Bartenders walk a thin line; serving someone who is obviously intoxicated is actually a misdemeanor, punishable by a $1,000 fine, up to year in jail or both. If the offense is grievous enough the establishment may be held liable.
Still, we as bartenders have a moral responsibility involved in the selling of alcohol; luckily the Department of Alcoholic Beverage Control gives us some guidelines with its signs of intoxication:
Relaxed inhibitions: Overly friendly; loud, drinking alone; annoying others; using foul language; drinking more or faster than usual.
Impaired judgments: Complaints about strength of drink; ordering doubles; argumentative; careless with money; buying rounds for strangers; irrational statements; belligerent; loss of train of thought.

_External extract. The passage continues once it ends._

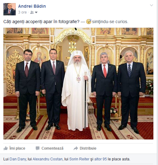 Marți seară, după dezvăluirile B1 TV că și socrul lui Victor Ponta, Ilie Sârbu, ar fi ofițer acoperit al serviciilor secrete, printre altele și în relația cu actualul Patriarh Daniel, jurnalistul Andrei Bădin a publicat o fotografie cu Ilie Sârbu, Victor Ponta, Gabriel Oprea, Patriarhul Daniel și Robert Cazanciuc cu întrebarea:Câți agenți acoperiți sunt în fotografie?
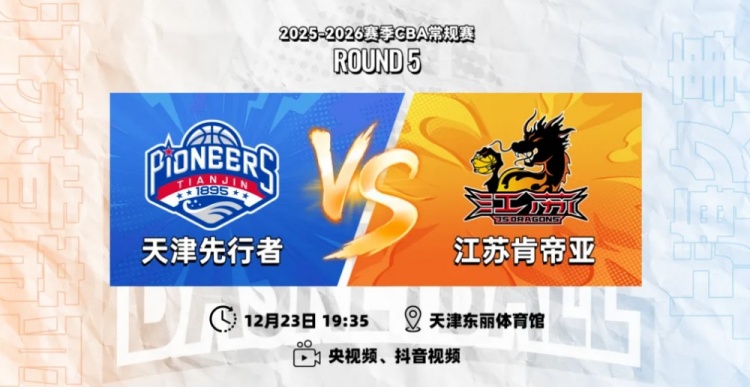 12月23日19:35,2025-26赛季CBA常规赛第五轮,江苏肯帝亚将奔赴三连客的首个客场,挑战天津先行者。

Reactions: Slurred speech; slow and deliberate movement; decreased alertness; quick, slow or fluctuating pace of speech.
Coordination: Fumbling with money; spilling drinks; cannot find mouth with drink; swaying; drowsy; stumbling; falling.
Appearance: Red, watery eyes; disheveled clothing; sweating; smell of alcohol on person; droopy eyelids.
Mr. Rosy Cheeks had exhibited several of these traits; however, he still seemed troubled by my refusal to serve him.
“I haven’t had anything to drink here. And I’m not driving.”
Both of which were true and good, but neither mattered because according to the law neither matter. If you are obviously intoxicated, you cannot be served.
By the time the manager arrived, Mr. Rosy Cheeks had tried several different angles in order to procure a drink. The conversation then took a different tack.
“I don’t appreciate your employee’s attitude,” he said, slurring his words. “I’m not comfortable with him refusing to serve me.”
Both are classic restaurant attempts at manipulation. But a word of advice here — if you do find yourself in a situation where you are “cut off,” don’t argue. It is really only going to get worse.
Instead of leaving our establishment in a yellow car he left it in a black-and-white one. And, trust me, the folks in that car didn’t care much about his opinion of their attitudes.